The Company conducts securities borrowing and lending activities with external counterparties. In connection with these transactions, the Company receives or posts collateral, which comprises cash and/or securities. In accordance with substantially all of its stock borrow agreements, the Company is permitted to sell or repledge the securities received. Securities borrowed or loaned are recorded based on the amount of cash collateral advanced or received. The initial cash collateral advanced or received generally approximates or is greater than 102% of the fair value of the underlying securities borrowed or loaned. The Company monitors the fair value of securities borrowed and loaned, and delivers or obtains additional collateral as appropriate. Receivables and payables with the same counterparty are not offset in the consolidated statements of financial condition. Interest received or paid by the Company for these transactions is recorded gross on an accrual basis under interest and dividends income or interest and dividends expense in the consolidated statements of comprehensive income.
 
Securities Purchased Under Agreements to Resell and Securities Sold Under Agreements to Repurchase
 
In a repurchase agreement, securities sold under agreements to repurchase are treated as collateralized financing transactions and are recorded at contract value, plus accrued interest, which approximates fair value. It is the Company's policy that its custodian take possession of the underlying collateral securities with a fair value approximately equal to the principal amount of the repurchase transaction, including accrued interest. For reverse repurchase agreements, the Company typically requires delivery of collateral with a fair value approximately equal to the carrying value of the relevant assets in the consolidated statements of financial condition. To ensure that the fair value of the underlying collateral remains sufficient, the collateral is valued daily with additional collateral obtained or excess collateral returned, as permitted under contractual provisions. The Company does not net securities purchased under agreements to resell transactions with securities sold under agreements to repurchase transactions entered into with the same counterparty. 
 
The Company has entered into bilateral and tri-party term and overnight repurchase and other collateralized financing agreements which bear interest at negotiated rates. The Company receives cash and makes delivery of financial instruments to a custodian who monitors the market value of these instruments on a daily basis. The market value of the instruments delivered must be equal to or in excess of the principal amount loaned under the repurchase agreements plus the agreed upon margin requirement. The custodian may request additional collateral, if appropriate. Interest received or paid by the Company for these transactions is recorded gross on an accrual basis under interest and dividends income or interest and dividends expense in the consolidated statements of comprehensive income.

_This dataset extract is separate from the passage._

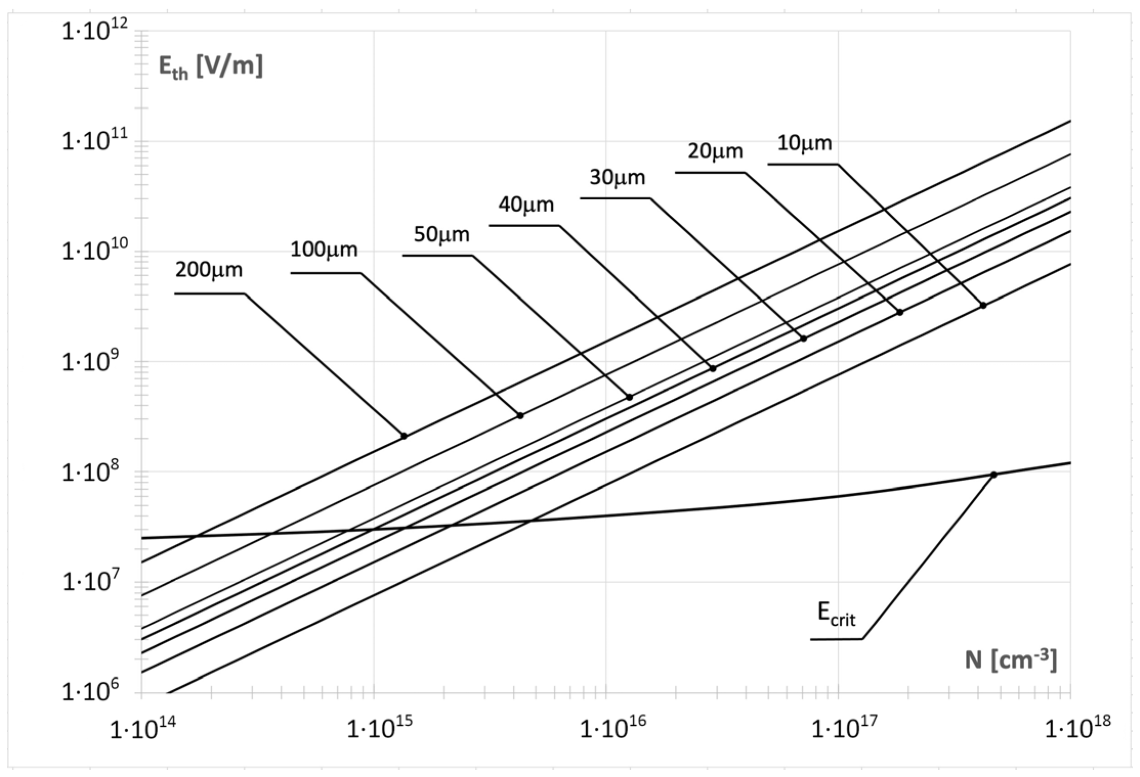 This analysis has been illustrated in Figure 8, where a set of linear characteristics Eth(N) for constant values of w was compared with the curve Ecrit(N), which represents the dependence of the critical electric field strength on the dopant concentration in silicon [13]. Each intersection point between the Ecrit(N) curve and the linear characteristics Eth(N) corresponding to a specific width w defines a condition in which the threshold electric field equals the critical electric field, Eth = Ecrit(N). At these points, the superjunction structure reaches its maximum efficiency, and the superjunction coefficient attains its highest value, γ = 1. In other words, these intersections mark the combinations of dopant concentration N and width w for which the superjunction effect fully contributes to the breakdown voltage, representing the ideal design condition for maximizing the performance of superjunction diodes.
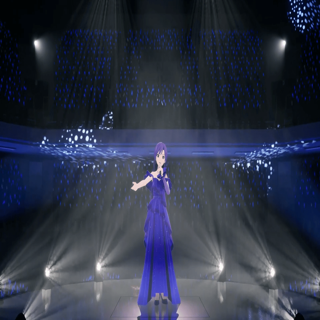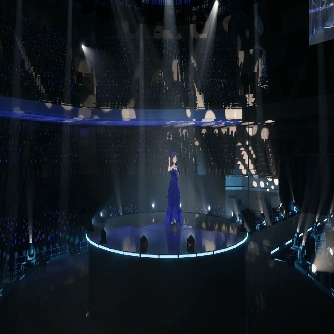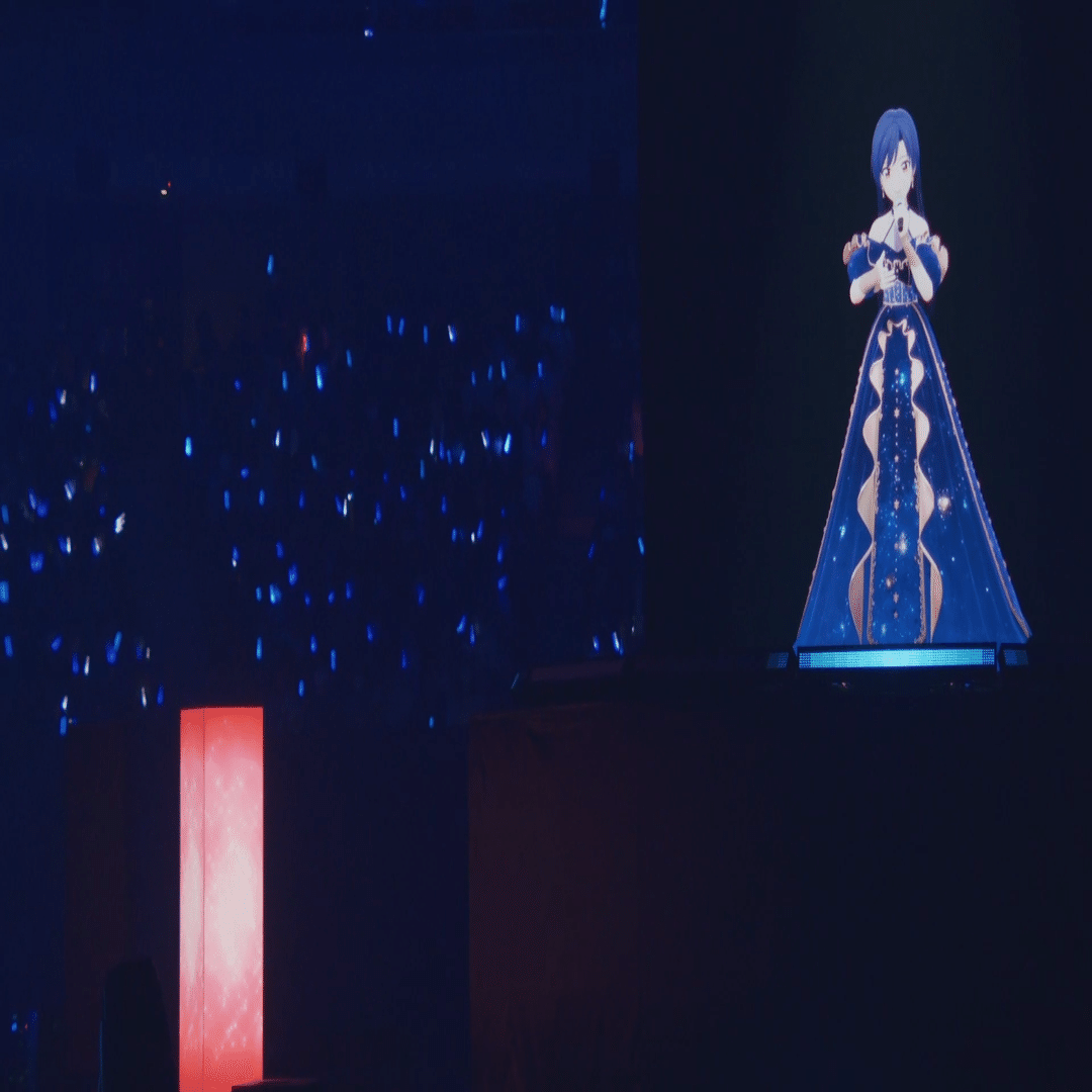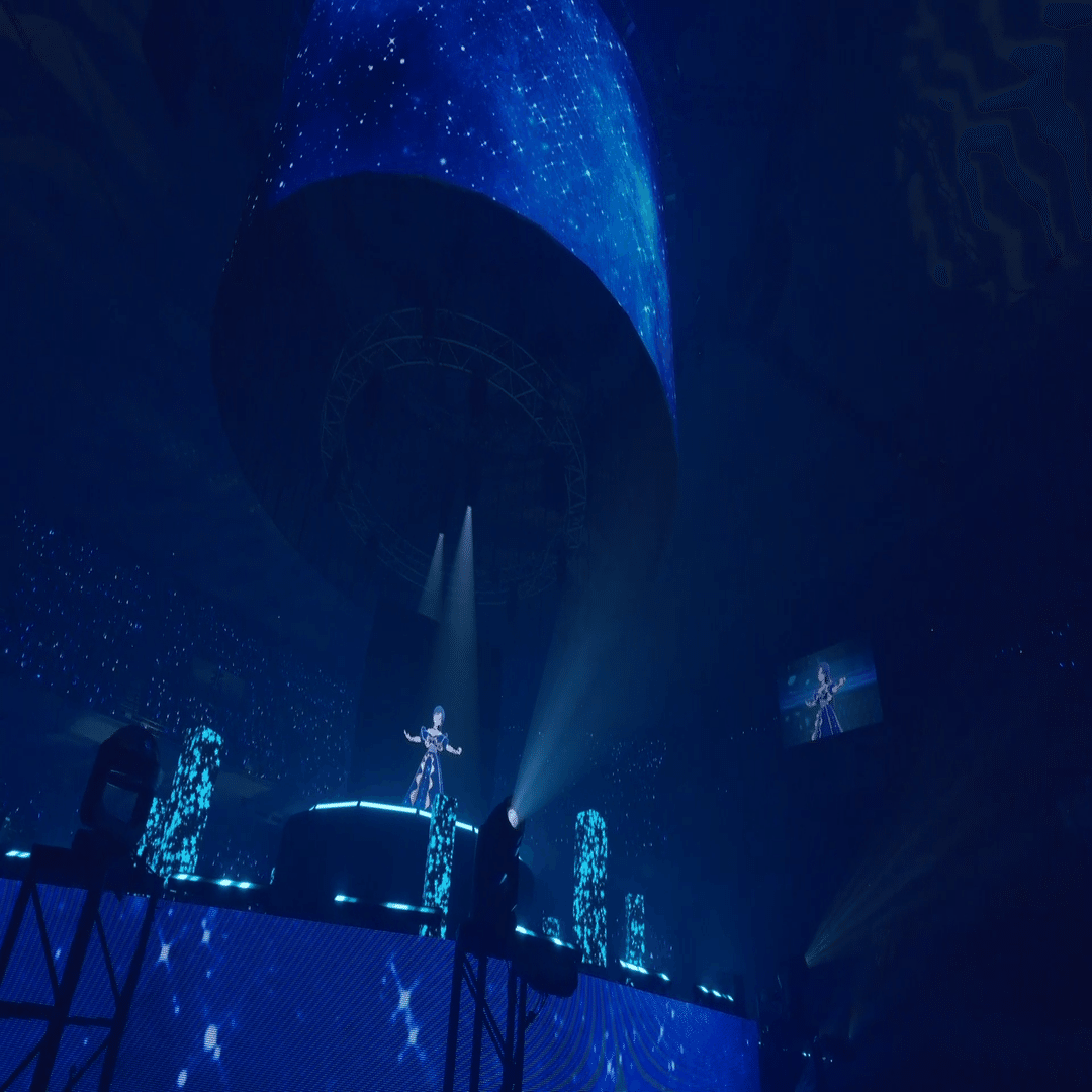 XRライブでセンターステージというのは前代未聞のことでした。3Dホログラムかと思いましたが、円柱状のスクリーンと思しきものが見えるだけ。

Receivables from/Payables to Broker-dealers and Clearing Organizations
 
As of December 31, 2018 and 2017, receivables from and payables to broker-dealers and clearing organizations primarily represented amounts due for unsettled trades, open equity in futures transactions, securities failed to deliver or failed to receive, deposits with clearing organizations or exchanges and balances due from or due to prime brokers in relation to the Company’s trading. Amounts receivable from broker-dealers and clearing organizations may be restricted to the extent that they serve as deposits for securities sold, not yet purchased. The Company presents its balances, including outstanding principal balances on all credit facilities, on a net by counterparty basis within receivables from and payables to broker-dealers and clearing organizations when the criteria for offsetting are met.
 
In the normal course of business, a significant portion of the Company’s securities transactions, money balances, and security positions are transacted with several third-party brokers. The Company is subject to credit risk to the extent any broker with whom it conducts business is unable to fulfill contractual obligations on its behalf. The Company monitors the financial condition of such brokers and to minimize the risk of any losses from these counterparties.
 
Financial Instruments Owned Including Those Pledged as Collateral and Financial Instruments Sold, Not Yet Purchased
 
Financial instruments owned and Financial instruments sold, not yet purchased relate to market making and trading activities, and include listed and other equity securities, listed equity options and fixed income securities.
 
The Company records financial instruments owned, including those pledged as collateral, and financial instruments sold, not yet purchased at fair value. Gains and losses arising from financial instrument transactions are recorded net on a trade-date basis in trading income, net, in the consolidated statements of comprehensive income.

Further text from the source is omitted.